Given the non-stop and highly critical nature of media today, can we really understand the kind of pressure tweens and teens feel to be "perfect"?
In 2015, the Film and Publication Board conducted research into the impact media has on South African children and found that our “media forms an enormous part of the lives of children", "the extensive exposure of media has a profound effect" and it "directly or subtly influences their thoughts and behaviour”.
With this in mind, it’s easy to see why mainstream media has come to the table.
Steven Universe – the popular Cartoon Network show now in its fifth season – released a series of six short animated films aimed at building the self-esteem and positive body image of teens around the world.
Creator Rebecca Sugar, the first woman to create a series for Cartoon Network, was inspired by her close relationship with her brother, and the show is well known for its themes of empathy, diversity, empowerment and inclusivity.
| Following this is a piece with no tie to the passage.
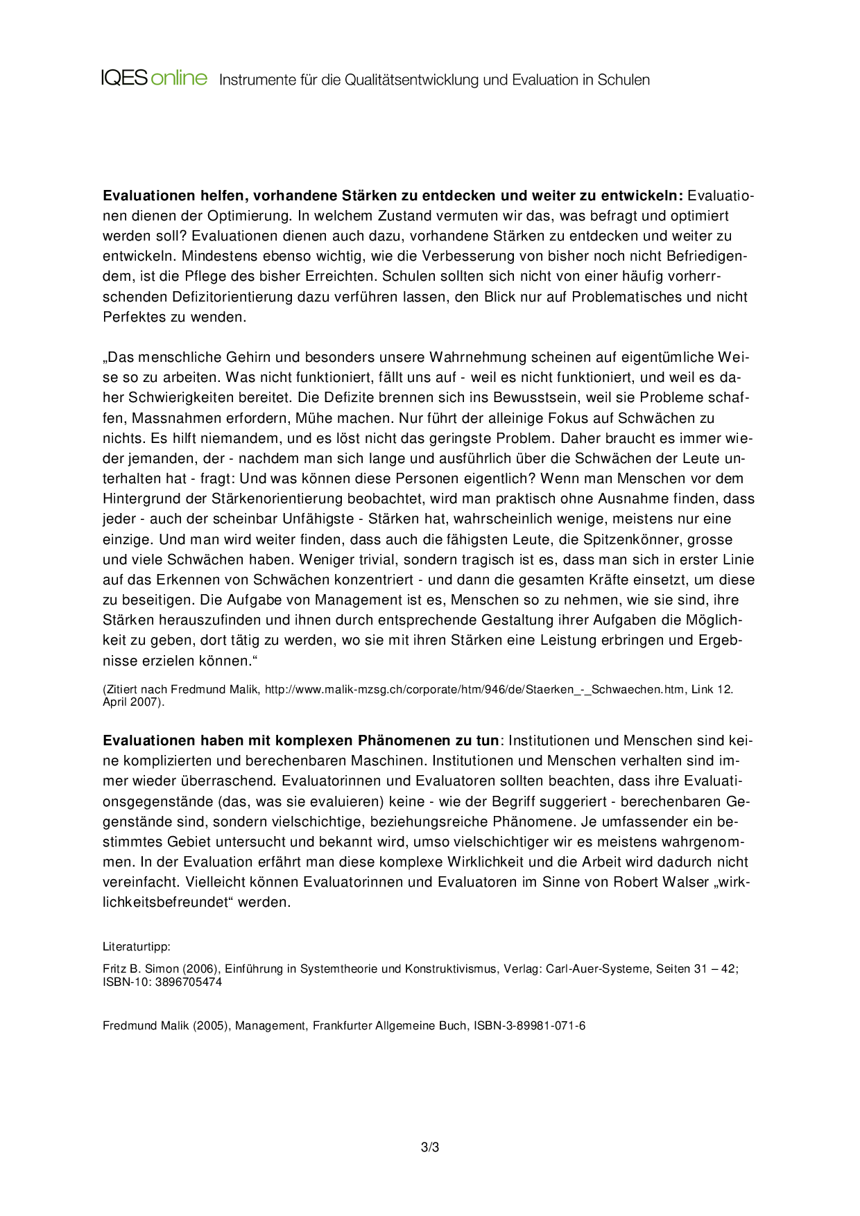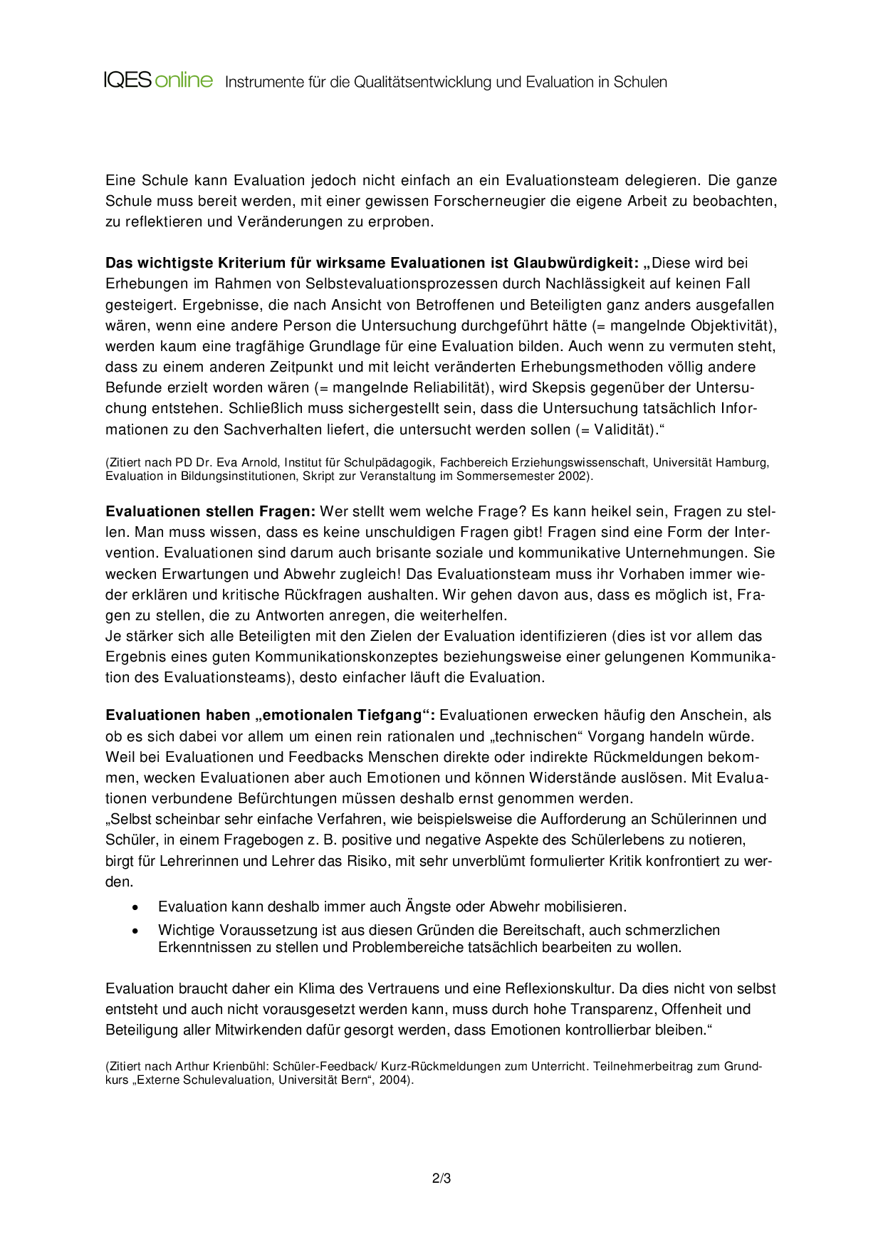 Evaluation hat sich als Methode einer nachhaltigen Schulentwicklung sehr bewährt. Sie ist ein Handwerk, das gelernt werden kann, am besten von einem schulinternen Evaluationsteam, das mit Ressourcen ausgestattet wird und einen längerfristigen Auftrag hat.

The new episodes were developed with the input of renowned body image expert Dr Phillippa Diedrichs, best known for her work at the Centre for Appearance Research at the University of the West of England.
Together, Sugar and Diedrichs have carefully designed content that strongly advocates positive attitudes and behaviours.
“The partnership creates content that tackles topics identified in scientific research as key influences on young people’s body confidence, and delivers it in an engaging and fun way,” explains Dr Phillippa.
For the series originator, the topic of positive image is also deeply personal. “This is an issue I have struggled with personally and I hope this will be a chance to amplify positive messages about self-awareness and acceptance.”